An estimated 30,000 Americans have cystic fibrosis, making it a rare disease.
For Tucsonan Kristina Quesada, it's no rarity but an everyday fact of life, since she found out that she and her husband carry a gene that increases the likelihood of their having a child with the disease. Their 1-year-old daughter, Ellis, has cystic fibrosis and requires constant attention.
"We treat her every day about half an hour in the morning and half an hour at night to clear the mucous in her lungs, and then every time she eats she has to take medication to absorb the nutrients that she's eating from her food, so she takes about 20 pills a day," Quesada says.
Cystic fibrosis is a chronic disease that affects the respiratory and digestive systems.
The Cystic Fibrosis Foundation is working to find more effective medicines and even a cure.
Michel Murphy is the executive director of the group's Southern Arizona office. She's optimistic about ongoing progress, including being part of the first non-profit to partner with pharmaceutical companies.
"And as a result the first drug to treat the underlying causes of cystic fibrosis was approved by the FDA this year," Murphy says.
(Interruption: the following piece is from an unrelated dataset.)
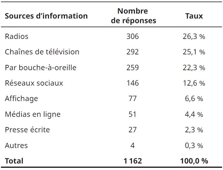 La principale source d’information a été la radio (26,3 %), qui est suivie par les chaînes de télévision (25,1 %), la communication informelle (22,3 %) et les réseaux sociaux (12,6 %). La situation de fermeture des marchés et la limitation des déplacements sont propices au recours à ces médias et aux causeries dans les quartiers. C’est ainsique les commerçants ont également une relative bonne connaissance des mesures de prévention.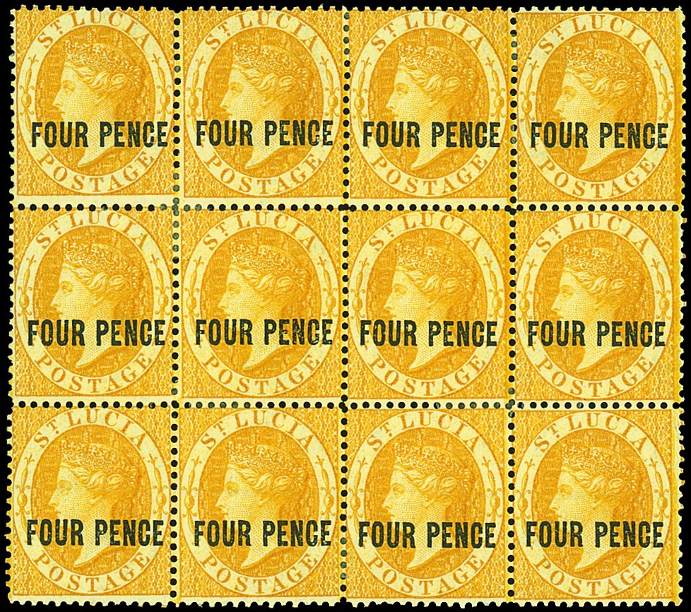 1882-84 CA perf 14, 4d. yellow block of twelve (4x3), fresh and fine unused with mainly large part original gum. A rare multiple. S.G. 27, £3600. Photo

"And it's an exciting breakthrough. It will dramatically change the lives for about 4 percent of those living with cystic fibrosis. It treats only one of the genetic mutations. Fortunately it's the one that Ellis has so it's going to make a dramatic difference in their lives but we're right on the brink of accomplishing the same thing for everyone else," she adds.
Murphy and Quesada are working with other people to put together a fundraiser on Saturday.
It's called the "Breath of Life Gala" and it's an annual event that is being held at Loews Ventana Canyon Resort this year.